Title of Talk: Automatic Surveillance System for Video Streams
Digital images and videos collection has increased exponentially during the past few years as more and more data is available in the form of personal photo albums, handheld camera videos, feature films and multi-lingual broadcast news videos which presents visual data ranging from unstructured to highly structured. Today video traffic accounts for 80 percent of all video traffic. Videos consist of audio and visual contents and are often provided with textual information resulting in the increase of data in all the three dimensions. Because of this huge increase in data, there is a need for qualitative filtering to differentiate between relevant and irrelevant information according to user requirements. In addition, time constraints enforce a limit on how much time one can spend watching videos. Therefore, one has to be selective when accessing appropriate information. Such a distillation process requires comprehensive information processing including categorization, description and explanation about various videos.
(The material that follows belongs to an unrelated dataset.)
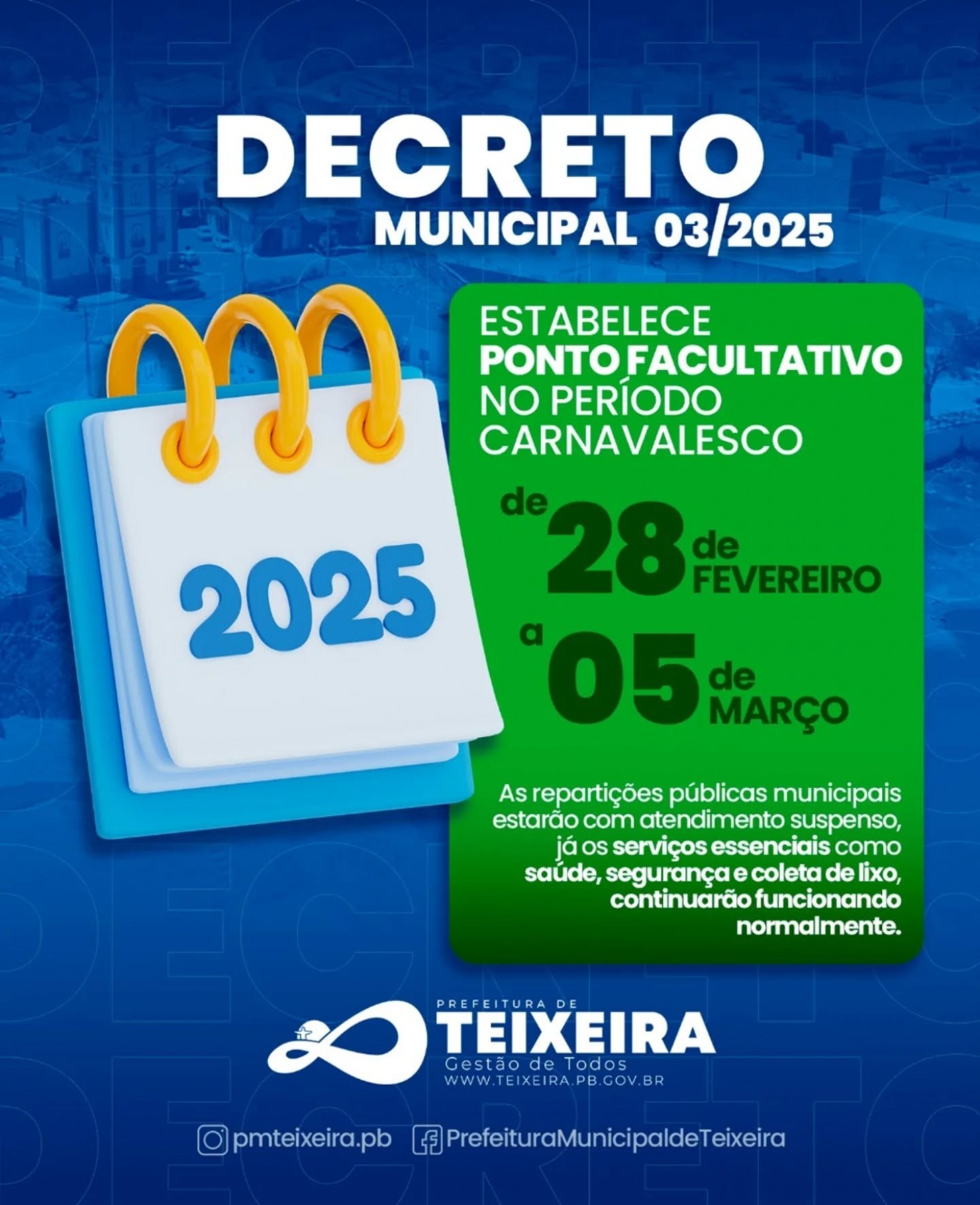 A Prefeitura de Teixeira informa à população que, em razão do período carnavalesco, haverá recesso administrativo entre os dias 28 de fevereiro a 5 de março.

This talk is concerned with the automatic generation of natural language descriptions that can be used for video indexing, retrieval and summarization applications. It is a step ahead of keyword based tagging as it captures relations between keywords associated with videos, thus clarifying the context between them. Initially, we prepare hand annotations consisting of descriptions for video segments crafted from a self- generated and state of the art Video dataset. Analysis of this data presents insights into humans interests on video contents. For machine generated descriptions, conventional image processing techniques are applied to extract high level features (HLFs) from individual video frames. Natural language description is then produced based on
these HLFs. Although feature extraction processes are erroneous at various levels, approaches are explored to put them together for producing coherent descriptions. For scalability purpose, application of framework to several different video genres is also discussed. For complete video sequences, a scheme to generate coherent and compact descriptions for video streams is presented which makes use of spatial and temporal relations between HLFs and individual frames respectively. Calculating overlap between machine generated and human annotated descriptions concludes that machine generated descriptions capture context information and are in accordance
with human’s watching capabilities. Further, a task based evaluation shows improvement in video identification task as compared to keywords alone. Finally, application of generated natural language descriptions, for video scene classification is discussed.